USD/CHF looks to reclaim 0.9300 despite upbeat Swiss Unemployment data
- USD/CHF has surged higher despite an improvement in the Swiss Unemployment Rate.
- A slim risk appetite of investors has favored the greenback against the Swiss franc.
- An aggressive interest rate hike in March’s US monetary policy action is gaining more traction.
The USD/CHF pair is rallying higher despite an improvement in the monthly Unemployment Rate by the Swiss State Secretariat for Economic Affairs (SECO) on Monday. The Swiss monthly Unemployment Rate landed at 2.2% lower than the market consensus and prior print of 2.3%. The Swiss franc failed to capitalize on the improved monthly Swiss unemployment rate against the greenback.
It is worth noting that USD/CHF has been scaling higher in March as the market participants have preferred the greenback against the Swiss franc in the ongoing geopolitical tensions. The escalation in the Russia-Ukraine war has spooked the market and a slim risk appetite of investors has pushed them to shift their funds into safe-haven assets.
Meanwhile, the US dollar index (DXY) is surging higher on expectations of a 50-basis point (bps) interest rate hike in March’s monetary policy meeting.
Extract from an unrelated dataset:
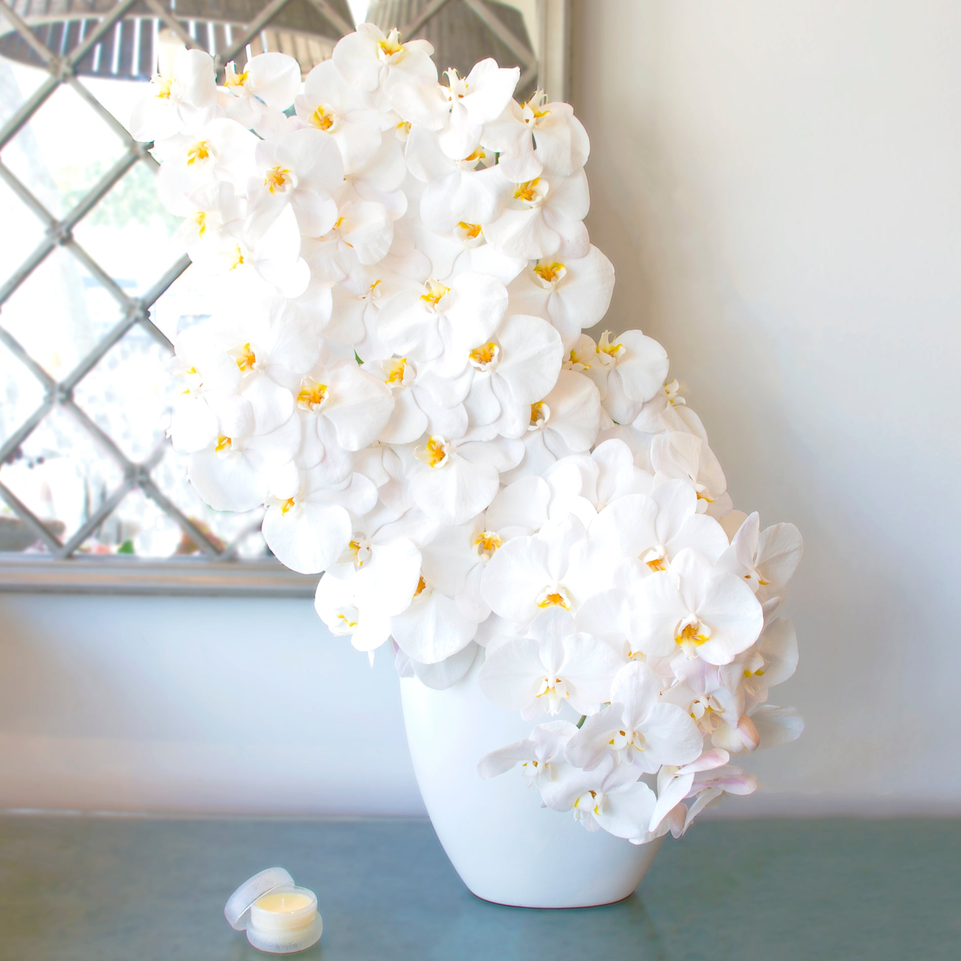 A Waterfall of Orchids is a larger than life asymmetrical arrangement with 12 stems of stunning White Orchids backed by large green leaves. The arrangement is striking in size and shape with delicate details of yellow at the center column of the flower. Erupting from a 12" by 12" modern vase (wide from the front narrow from the side view) this arrangement stands at 33" by 21". This spectacle will wow anyone and create a stunning center piece for any room.

Although Federal Reserve (Fed) Chair Jerome Powell in his latest testimony underpinned a 25 bps rate hike but kept the door open for more tightening policy. The odds advocating the Fed’s 0.50% rate hike in March remained firmer, recently at 94% per the CME’s FedWatch Tool. While the 10-year US Treasury yields jumped 3.18% on Monday amid rising odds of an aggressive interest rate policy by the Fed.
This week, the US inflation numbers will hog the limelight. The US Consumer Price Index (CPI) numbers are likely to print at 7.9% higher than the earlier print of 7.8%, which may trigger the Fed to resort to an aggressive interest rate decision. However, the headlines from the Kremlin-Kyiv war will remain the major driver.